When I was first driving, I put a significant crease in the right quarter panel of his brand new Chevy pickup. I didn't tell him right away. All during supper I was worried about what he would say. I think he must have seen the look of guilt and regret on my face. When supper was over, all he said was, “Well, I think maybe you and I ought to go pound the dent out of that pickup.” And, we did. Part of compassion is seeing the face of people and forgiving....part of compassion is the heart of servanthood and humility.

The face of compassion can be seen in the face of taxi drivers and doctors. Following that horrific bombing incident following a concert in Manchester, England, many people used the incident to spread fear and prejudice against Muslims. The hearts of Muslim taxi drivers went out to the people affected and they offered free lifts home. A Muslim doctor worked into the night saving lives. There was compassion in spite of fear.
Compassion has the face of an 8 year old girl who upon learning that a lunchroom lady's house had burned, took her piggy bank to school without telling her parents and donated the entire contents...more than $l00. She thought they could use it to buy food.
Unselfishness is part of compassion.
Compassion is the white police officer, Tim Purdy, who responded to a call about a teenage black male who was autistic. The young man's mom had reported that he had run away and said that he was going to kill himself. Two other officers found him and were trying to restrain him. That just escalated his fear and anger. Tim heard what was happening and responded even though he had not been called to go. The compassion that came from this man was not a head thing. It wasn't something he had learned in training or books. It was an attitude of the heart. He responded, not because he had to but because he wanted to do so.

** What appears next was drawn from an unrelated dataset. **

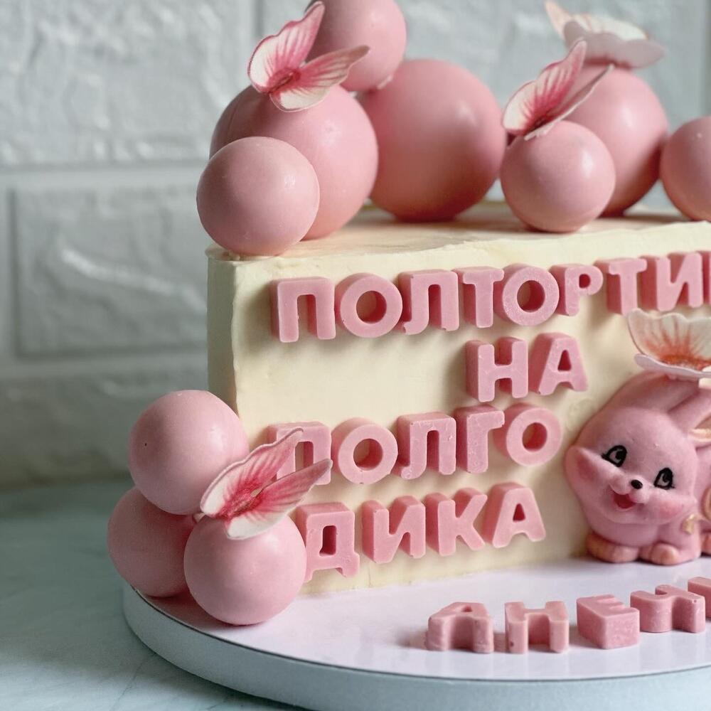A 1.8 kg childrens cake with a filling to choose from. The decor is completely edible, made of Belgian white chocolate. The color of the cake and decor can be changed to another one. You can also change the decor, leaving the chocolate spheres, and add others (figurine, toper, etc.)

When he arrived, Officer Purdy sat next to him on the ground, talked things through and even got him laughing. Officer Purdy established trust and a relationship that allowed officers to get this young man the help that he so desperately needed.
The officer really saw this hurting young man. He got down on his eye level and interacted with him in a loving way. He did not show indifference or fear. He showed compassion.
I challenge you this week to find ways to show compassion. We can ask how someone is and Then, there's compassion that comes in our interactions with those we don't know. We have all of these encounters with people all day – people we cross paths with at work or in the store, people who ring up our groceries, people who wait on us at the bank or we stand behind in line. The next time you go to the grocery store, try engaging the cashier. You don't have to invite him/her home for lunch or anything, but take a look at his/her face. When the cashier looks at you while handing you your change, all that is required of you is to look back. Just meet his/her eyes for a second when you say thanks. Sometimes that is all another person needs to know that they have been seen.
When the people who serve us at a restaurant appear gruff or perhaps give us the wrong meal, rather than anger, we might wonder if they are just having a bad day. We might respond with compassion.
When others engage in hateful rhetoric, we can refuse to join the feeding frenzy.
Yes, we have political opinions, however, I believe we can state them without hate for those who think differently.
People are all around you. Pray that God will give you the eyes that see the real needs of people around you. They are out there waiting for someone to give them help.
God has helped us for a purpose; that we might take what we have received and share it with those who desperately need it.
How do you change the world? You change the world one heart at a time...one life at a time.

Prayer: O God, give us eyes to really see the people around us. God help us to be men and women of compassion, to reach out and touch a hurting world in Jesus' Name. Help us to respond with forgiveness, unselfishness, and w/o fear. May we be a blessing to others...Amen.